# Manueli



## ANDONI (Jul 11, 2004)




----------



## BRUNER247 (Jun 2, 2010)

Man he looks badass!


----------



## balluupnetme (Oct 23, 2006)

That's a sick photo !


----------



## sick of chiclids (May 25, 2010)

I have got to get me one of those!!!


----------



## BRUNER247 (Jun 2, 2010)

How big is he 3"?


----------



## ANDONI (Jul 11, 2004)

BRUNER247 said:


> How big is he 3"?


I think hes around 5 1/2", I never measured him.


----------



## RedneckR0nin (Nov 5, 2008)

Looking good man!!


----------



## Sacrifice (Sep 24, 2006)

POTM...I'd vote for it.


----------



## Da' Manster! (Sep 1, 2009)

Effin Sweet!!!....


----------



## His Majesty (Apr 5, 2005)

sweet shot


----------



## ANDONI (Jul 11, 2004)

Sacrifice said:


> POTM...I'd vote for it.


You think I have a chance with this picture.


----------



## balluupnetme (Oct 23, 2006)

If it wasn't blurry this would be a winner for sure, but I'd still vote for it


----------



## ANDONI (Jul 11, 2004)

balluupnetme said:


> If it wasn't blurry this would be a winner for sure, but I'd still vote for it


I'll try and get a better picture with his mouth open.


----------



## rhom15 (Dec 20, 2009)

one thing to say evil i love it


----------



## motoracer110 (May 13, 2010)

Thats an awesome looking fish.......the colors are amazing and he looks ruthless


----------



## ANDONI (Jul 11, 2004)

motoracer110 said:


> Thats an awesome looking fish.......the colors are amazing and he looks ruthless


Thanks, This is by far the meanest piranha I have owned. If I go even close to the tank he starts biting the glass.


----------



## Piranha_man (Jan 29, 2005)

That pic is almost tat worthy!


----------



## Sacrifice (Sep 24, 2006)

I've gotta pick up one of these guys...along with a mac, elong, sanchezi, caribe, ruby red spilo....man this list keeps getting longer and longer.

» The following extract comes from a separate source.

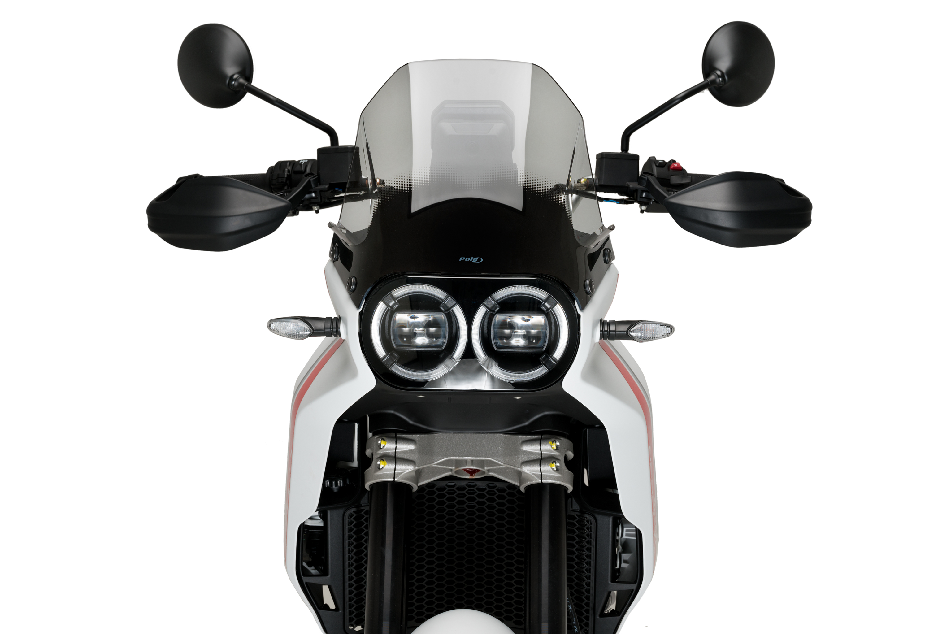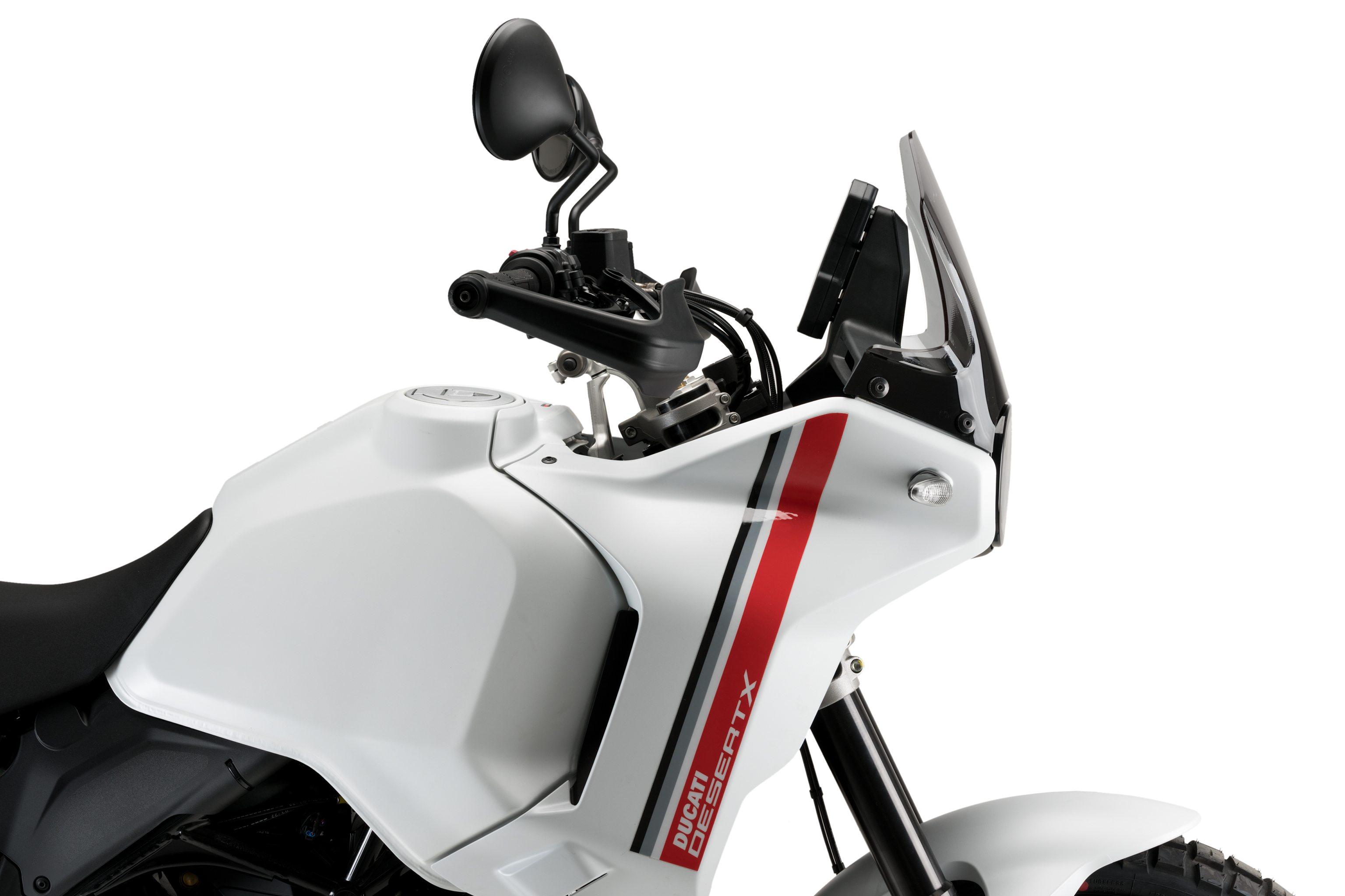 Avec des dimensions globales de 320 mm de haut sur 365 mm de large, la bulle Sport PUIG est 70 mm plus basse que celle de la Ducati Desert X.

Beautiful Manny!!! Glad to hear that he's a beast for you. Can you by any chance record some vid of him chasing you around. I'd love to see that.


----------



## motoracer110 (May 13, 2010)

Sacrifice said:


> I've gotta pick up one of these guys...along with a mac, elong, sanchezi, caribe, ruby red spilo....man this list keeps getting longer and longer.
> 
> Beautiful Manny!!! Glad to hear that he's a beast for you. Can you by any chance record some vid of him chasing you around. I'd love to see that.


I second that


----------



## ANDONI (Jul 11, 2004)

motoracer110 said:


> I've gotta pick up one of these guys...along with a mac, elong, sanchezi, caribe, ruby red spilo....man this list keeps getting longer and longer.
> 
> Beautiful Manny!!! Glad to hear that he's a beast for you. Can you by any chance record some vid of him chasing you around. I'd love to see that.


I second that








[/quote]

Here is a video
http://www.youtube.c...h?v=RGXMBg1kA5c


----------



## Sacrifice (Sep 24, 2006)

Wow aggressive lil beast!!! You don't even have to put your fingers up to the glass, he looks like he's actually trying to run you off completely.


----------